Task-oriented comparison of power spectral density estimation methods for quantifying acoustic attenuation in diagnostic ultrasound using a reference phantom method.

1University of Wisconsin, Madison, WI, USA.
Ultrasonic Imaging (Impact Factor: 1.16). 07/2013; 35(3):214-34. DOI: 10.1177/0161734613495524
Source: PubMed

ABSTRACT Reported here is a phantom-based comparison of methods for determining the power spectral density (PSD) of ultrasound backscattered signals. Those power spectral density values are then used to estimate parameters describing α(f), the frequency dependence of the acoustic attenuation coefficient. Phantoms were scanned with a clinical system equipped with a research interface to obtain radiofrequency echo data.
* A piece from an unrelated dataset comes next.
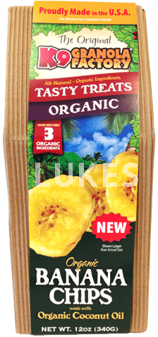 K9 Granola Factory Banana ChipsOrganic Banana Chips made with Organic Coconut Oil 12 ozIngredients: Bananas, coconut oil, sugar.Guaranteed Analysis: Crude Protein 4% (min)Crude Fat 52% (min)Crude Fiber 31% (max)Crude Moisture 10% (max)

Attenuation, modeled as a power law α(f)= α0 f (β), was estimated using a reference phantom method. The power spectral density was estimated using the short-time Fourier transform (STFT), Welch's periodogram, and Thomson's multitaper technique, and performance was analyzed when limiting the size of the parameter-estimation region. Errors were quantified by the bias and standard deviation of the α0 and β estimates, and by the overall power-law fit error (FE). For parameter estimation regions larger than ~34 pulse lengths (~1 cm for this experiment), an overall power-law FE of 4% was achieved with all spectral estimation methods. With smaller parameter estimation regions as in parametric image formation, the bias and standard deviation of the α0 and β estimates depended on the size of the parameter estimation region. Here, the multitaper method reduced the standard deviation of the α0 and β estimates compared with those using the other techniques. The results provide guidance for choosing methods for estimating the power spectral density in quantitative ultrasound methods.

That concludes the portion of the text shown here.